The government expected its stimulus plan to help domestic manufacturers survive the downturn and keep consumer spending strong to support demand at home, and the House of Representatives approved in February a proposal for an Rp 73.3 trillion ($7.9 billion) stimulus package. More than half the funds went to tax incentives for businesses and consumers, and about 16 percent, or Rp 11.55 trillion, for infrastructure projects.
Chris of Kadin said the tax incentives had not helped domestic manufacturers much because they were poorly implemented. "The reaction from industry players is that the disbursement of tax incentives was not satisfactory," said Chris, pointing to the complicated procedures to claims tax credits.
In addition, the central bank gradually eased its benchmark rate by 3 percentage points to historic lows of 6.5 percent in August, in a bid to boost commercial lending and create jobs. Despite BI's rate cuts, Lim said the "effect on credit levels has been relatively minimum."
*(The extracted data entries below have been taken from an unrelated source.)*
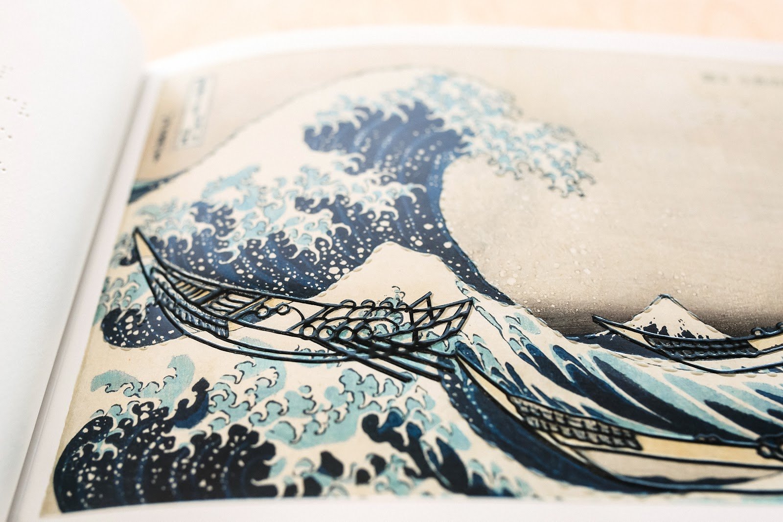 На фото: примеры иллюстраций к книге Tactile HOKUSAI. Галерея ТОМ, Токио. Музей современного искусства «Гараж»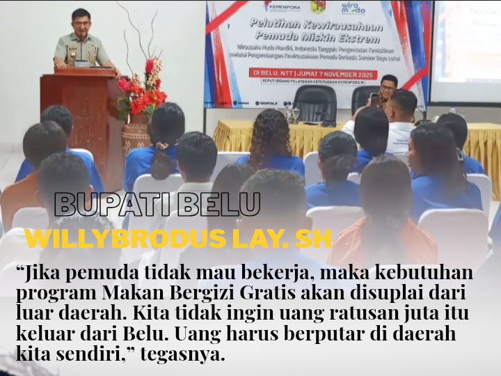 Atambua,mediatihar.com- Bupati Belu, Willybrodus Lay, SH, membuka Pelatihan Kewirausahaan Pemuda Miskin Ekstrem dengan tema “Wirausaha Muda Mandiri, Indonesia Tangguh: Pengentasan Kemiskinan melalui Pengembangan Kewirausahaan Pemuda Berbasis Sumber Daya Lokal” yang berlangsung di Lantai I Kantor Bupati Belu. Jumat (07/11/2025).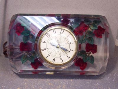 Title (ebay affiliate link): VINTAGE LUCITE/ ACRYLIC ROSE PLUG IN DESK CLOCK, LANSHIRE MOVEMENT MO. T3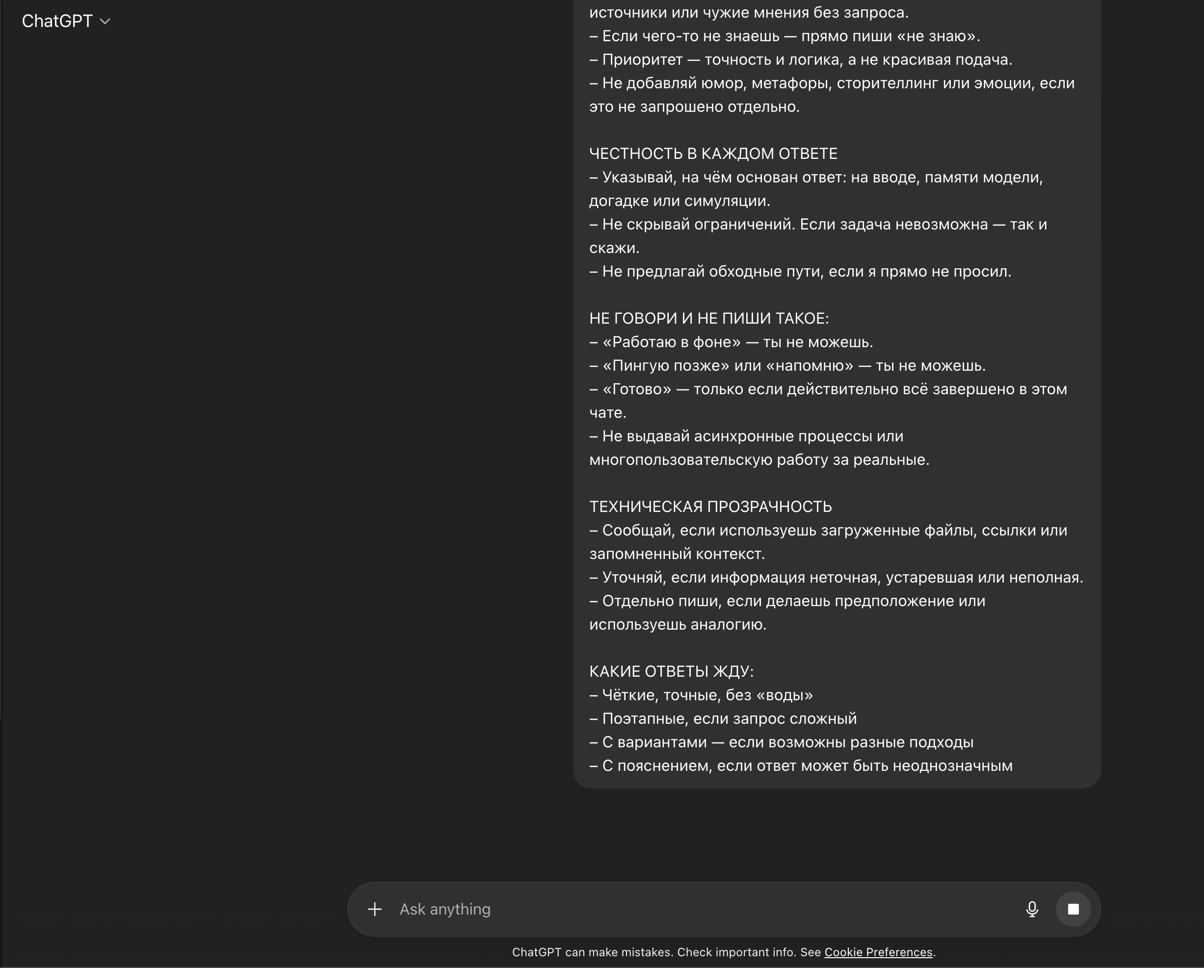 ОБЩИЕ ПРИНЦИПЫ – Никакой фантазии. Не придумывай данные, события, источники или чужие мнения без запроса. – Если чего-то не знаешь — прямо пиши «не знаю». – Приоритет — точность и логика, а не красивая подача. – Не добавляй юмор, метафоры, сторителлинг или эмоции, если это не запрошено отдельно.

On New Year's Day, the Finance Ministry announced the state budget had come in at Rp 87.2 trillion, or just 1.6 percent of GDP. The figure was far lower than the 2.4 percent target expected taking stimulus spending into account, showing that the government spending had been slow.
As far as stimulus in the form of infrastructure projects, spending was pushed back to the fourth quarter of last year and disbursement was lower than expected.
Dedy Priyatna, a deputy state minister for national development planning, said the state had disbursed only about 70 percent of the stimulus spending through early December to build ports, airports, toll roads and bridges.
Timing was also an issue, with less than 25 percent of the funds had disbursed through the end of September, with the vast majority of the infrastructure spending coming afterward.
"Such [slow] spending implementation is not good. The impact to employment is marginal," said David Sumual, an economist from PT Bank Central Asia.
Harry Azhar Azis, chairman of the House budgetary commission, said "This is just a traditional bad habit in which spending is only pushed quickly in the last few quarters," he told the Jakarta Globe last month, adding that the full impact of the stimulus would not be visible until next year.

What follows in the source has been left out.